Why? Oh, because no matter how late I stayed tonight, it still wouldn’t be enough time with her. The moment I left, I’d want to turn the car around and go back to her. I was stupid for thinking visiting her would make being at home without her hurt less; it would only make it worse, reinforcing what I was missing by not dropping everything to come with her to Hillcrest.

How I wished I could. It was hard to have a life away from her, one without her daily presence.

“I’m not sure yet,” I told her. “But I plan on staying as long as possible. If that means I have to load up on caffeine tomorrow to stay awake, so be it.” My lips curled into a grin; meanwhile, my heart already beat like I’d left her, a low ache rising up in my gut.

I didn’t want to think about leaving. Not yet.

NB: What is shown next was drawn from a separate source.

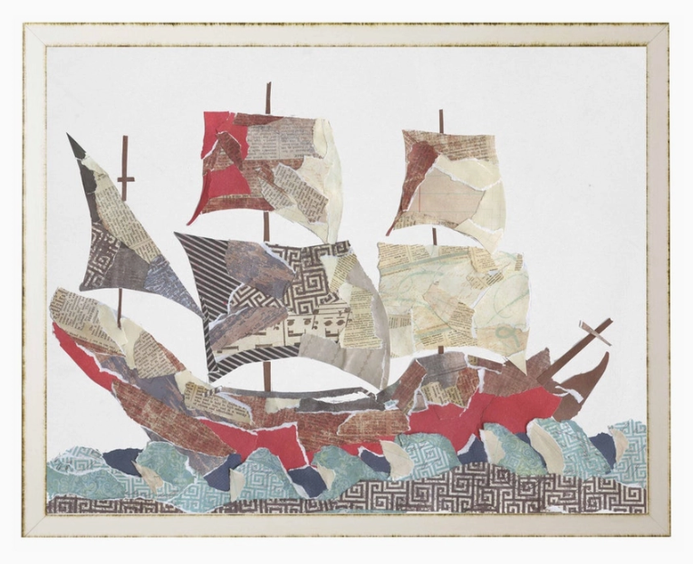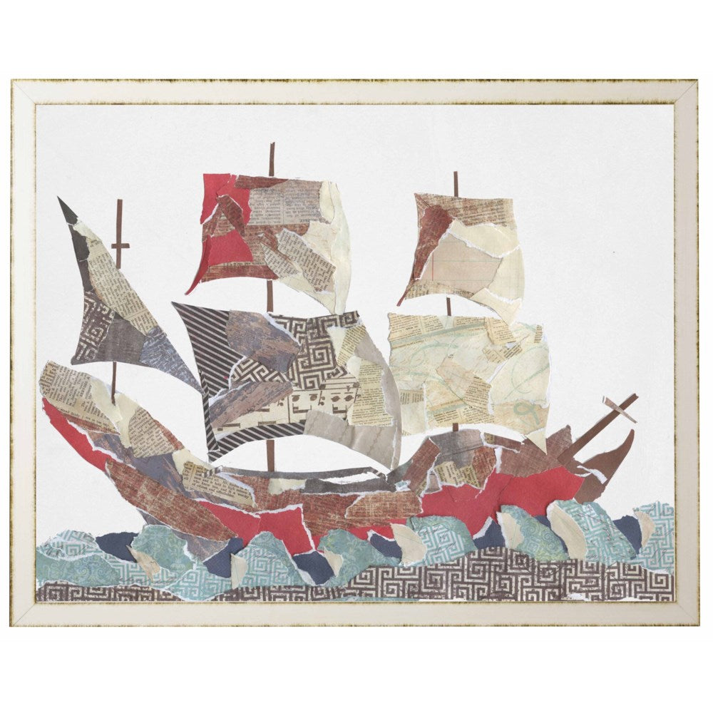 Pirate Ship A - 84021 C (White Washed Distressed Shadowbox) - Online Only

We took our time in eating, neither one of us wanting this moment to end. The sooner we left the diner, the sooner we got back to the house, and the sooner I’d have to go. It was inevitable, and we both knew that, and yet we both fought against it. It sucked. I hoped her vendetta against her family wouldn’t take too much longer. I missed her back home something fierce.

Zoey must’ve known what would make me feel better, at least for right now, for after we finished up our meal, we headed back to the house. We didn’t say anything to Roman or Carter, heading straight up to her bedroom, where she kicked the door closed with her foot and instructed me to sit on the bed. I did so, because at this point, I’d do anything the girl asked me to. Anything.

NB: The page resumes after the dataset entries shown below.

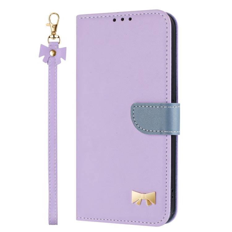 For Samsung Galaxy A14 4G / 5G Metal Bow Leather Phone Case with Hand Strap(Purple)
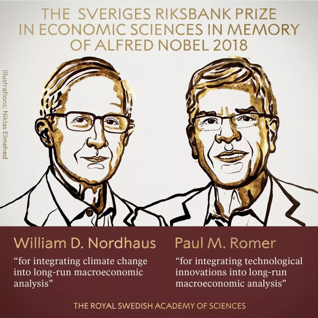 北京时间10月8日晚,2018年诺贝尔经济学奖授予耶鲁大学以全球暖化为研究主题的诺德豪斯(William D. Nordhaus)和世界银行首席经济学家保罗·罗默(Paul M. Romer),获奖理由是创新、气候和经济增长的研究。奖金金额为900万瑞典克朗,约合684万元人民币,今年是经济学诺奖的第50周年。
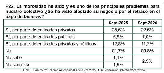 La morosidad tanto pública como privada ha sido y sigue siendo uno de los principales problemas para nuestro colectivo y afecta al 45,3% de los autónomos. Así, se comprueba cómo este porcentaje sube ligeramente en relación a septiembre de 2024, cuando el porcentaje de morosidad entre el colectivo era del 41,3%. (Ver tabla P22).
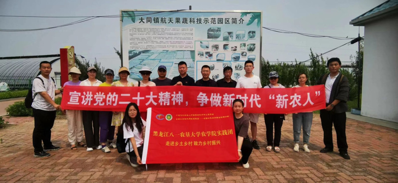 为深入学习宣传贯彻习近平新时代中国特色社会主义思想和党的二十大精神,学习运用“千村示范、万村整治”工程经验,深刻领会习近平总书记给中国农业大学科技小院同学们的重要回信精神,引领广大农科学子“厚植爱农情怀,练就兴农本领”。2024年7月10日,u8国际平台绿色梦想实践小队在李建伟老师的带领下赴大庆市大同镇八井子乡庆阳山村的航天果蔬科技示范园区,参观、调研示范园区高质量发展的运营模式,如何进行资源整合和带动一方经济,为乡村振兴发展提供新质生产力。

I really did love her so much. I never knew a girl could make me this crazy, but here we were. Even with how unusual it was that she had other relationships, other boyfriends—and mean and dangerous ones, to boot—I wouldn’t change a thing. I loved her too freaking much.

“Since you won’t be here for the show,” Zoey whispered, her voice taking on a sultry, hypnotic tone that instantly had me frozen in place. It was a darn good thing she’d told me to sit before taking on that tone. I hated to be so crass, but she had me by the balls.

Not literally, but, you know, figuratively.

Zoey had changed out of her pajamas before we’d gone out on the town, into tight jeans and a black shirt that hugged every smooth curve on her body. Her pink hair was wild, messy, just like her soul. The way her blue eyes sparkled, a mischievous glint to them, made my lower gut twist into a dozen knots. One look from her and I was a goner. Every single time.

Her fingers went to her hips, and she slipped off her signature pink sneakers one after the other, kicking them aside. They matched her hair color almost perfectly, but my eyes were glued to her, to every deliberate, seductive movement she made. The corners of her lips quirked upward, not quite smiling, but definitely smirking, and she worked to undo the button and zipper on her pants.

My breath caught in the back of my throat. I knew just what she intended to do, and my cheeks flamed in spite of myself. It wasn’t like this was the first time I’d seen her sway her hips and put on a show, but it was different when Carter and Roman weren’t around, when they weren’t in the same room, watching her at the same time. It was more intimate, and I couldn’t even feel bad for the way something started to grow hard between my legs.

It was darn near impossible to watch her take off her clothes and not get hard, okay? Like, one of the most impossible things ever. She was beautiful, gorgeous, with a confidence that drew me in. Plus, I loved her more than life itself, so there was that, too. Love tended to enhance whatever it was you felt tenfold, in my experience.

Her jeans fell off her hips as she pulled the dark blue fabric down her legs. Moments later, Zoey stood before me in her shirt and her lacey pink underwear. I swallowed, rubbing my palms on my knees as I watched her fingers go to the hem on her shirt and lift it up and over her head, exposing a bra that must be a matching set to the panties she wore.

Wearing nothing but her underthings, she was a freaking goddess. My jaw practically fell open, and it was like I was a lovestruck boy with a huge crush all over again, with feelings inside me I didn’t know what to do with. Zoey was more than beautiful. She rewrote the very definition of the word.